One‐stage self‐distillation guided knowledge transfer for long‐tailed visual recognition
Yuelong Xia,Shu Zhang,Jun Wang,Wei Zou,Juxiang Zhou,Bin Wen
DOI: https://doi.org/10.1002/int.23068
IF: 8.993
2022-09-11
International Journal of Intelligent Systems
Abstract:Deep learning has achieved remarkable progress for visual recognition on balanced data sets but still performs poorly on real‐world long‐tailed data distribution. The existing methods mainly decouple the problem into the two‐stage decoupling training, that is, representation learning and classifier training, or multistage training based on knowledge distillation, thus resulting in huge training steps and extra computation cost.
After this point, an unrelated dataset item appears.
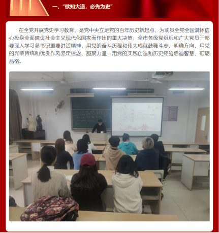 学生第二党支部在党史学习会议中通过《走进历史长河丨名句解读》和《以史载史,以史育人》系列推文,两个系列从不同角度进行学习党史。另外还有《回眸百年瞬间》等活动。活动结束后,各位同学对于党的历史有了更加深入的了解。
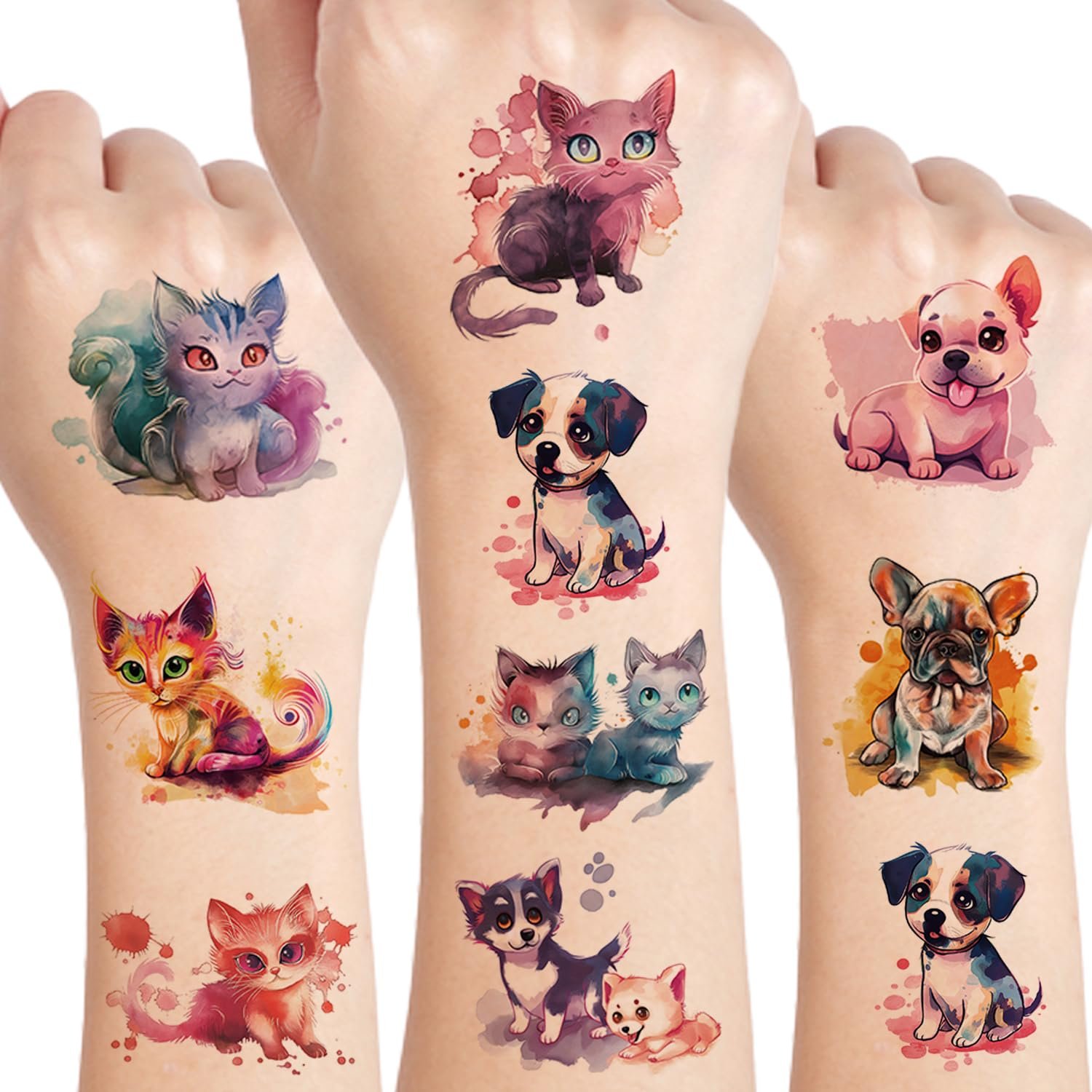 Watercolor Cats and Dogs Temporary Tattoo for Kids

In this paper, we propose a conceptually simple yet effective One‐stage Long‐tailed Self‐Distillation framework, called OLSD, which simultaneously takes representation learning and classifier training into one‐stage training. For representation learning, we take two different sampling distributions and mixup them to input them into two branches, where the collaborative consistency loss is introduced to train network consistency, and we theoretically show that the proposed mixup naturally generates a tail‐majority distribution mixup. For classifier training, we introduce balanced self‐distillation guided knowledge transfer to improve generalization performance, where we theoretically show that proposed knowledge transfer implicitly minimizes not only cross‐entropy but also KL divergence between head‐to‐tail and tail‐to‐head. Extensive experiments on long‐tailed CIFAR10/100, ImageNet‐LT and multilabel long‐tailed VOC‐LT demonstrate the proposed method's effectiveness.
computer science, artificial intelligence